I'm curled up in a ball on the floor of my office with the lights off. I hope no one notices. No more open bar. Woof.
Farmville is her only friend.
i had 75 notifications coming from ur status. here i was thinking i had friends.
you're single. I'm single. let's spend vday with the 3 most important men in our lives: ben, jerry, and josé
He told me that he wishes our relationship was more like prison: less touching, more butt sex.
Bank of America texted me 7 times in 12 hours to say my balance was below $50. I kept transfering money back in. Then I texted my bank saying that it was okay, i knew what I was doing.
I see you've set aside this special time to humiliate yourself in public.
Started with us just having a beer. Now Ivan lit a torch to walk to the store, Ben smashed a 26 in the parking lot, and they're throwing broken shot glasses. Fratio Friday is something.

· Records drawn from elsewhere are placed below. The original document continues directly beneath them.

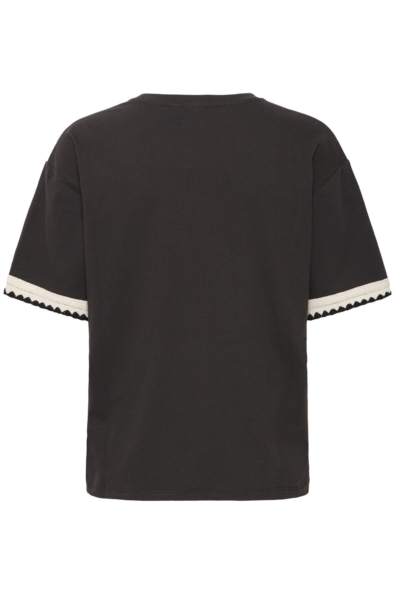 This black T shirt by Ichi features an embroidered trim on the sleeve for a touch of elegance. Crafted from soft and breathable fabric, it offers both comfort and style. Perfect for any casual or dressy occasion, this versatile shirt is a wardrobe essential.
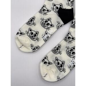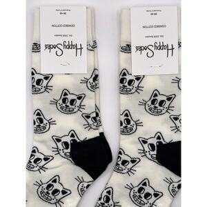 2 Pairs Happy Socks White Cat Half Calf Size Medium Unisex
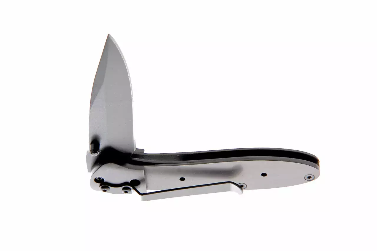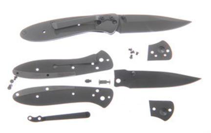 This is one of the nicest most elegant liner lock folder designs we have made and incorporates some desired hidden features for the knife finisher and enthusiasts. This version is assembled. Additional pictures show what it looks like assembled. First the most obvious feature is the overall color. This is Titanium coated inside and out and all the hardware. The non reflective quality added to the extreme corrosion resistance on a high quality 9CR14 stainless gives this folder an impressive pedigree. The bolsters can be easily removed to adjust the tension on the blade with a star wrench. It has a dual thumb stud for ambidextrous opening. Removable pocket clip as well. Sharp and ready for handles to be added. The blade design is a drop point with a false upper edge. It comes sharpened. Easy to assemble kit just add handles. You will need a small star wrench set.
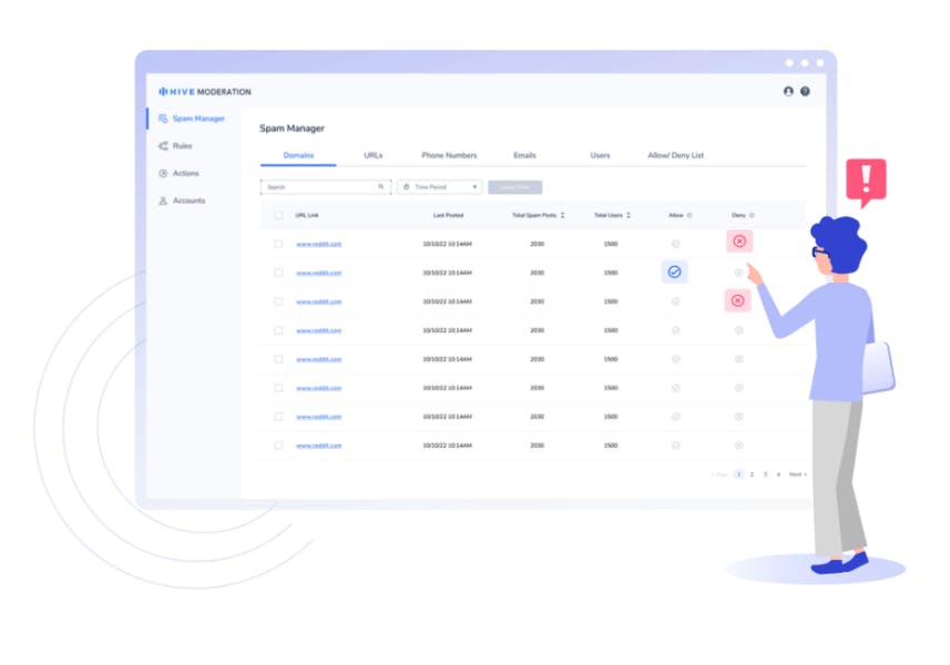 Moderation Dashboard: The moderation dashboard is built on top of Hive’s content moderation APIs. It helps companies manage and moderate content on its platform. It enables companies to set up custom actions and rules to implement into their content moderation policies without processing Hive’s model responses directly.

Im coming down to miami this weekend
We shall drink from the everclear river
Dude if you're not gonna answer them I'm gonna stop snapchatting you my hook ups
Seriously, don't even. "Hi, have I seen you half naked covered in bright red body paint on the internet?" is NOT acceptable water-cooler chit-chat.
Aw.
When that wave blew your top off I heard someone yell "SPANK BANK"
As a former fat girl, that's probably the best compliment I've ever received ever!
I left when you were using your mug to lay on the street and ask for spare change
Bring me pizza. I'll trade you your underwear you left here for 2 slices.
Was I just dreaming, or was there a corpse at work last night?
She was just sleeping.
Is it bad that I'm kind of disappointed by that?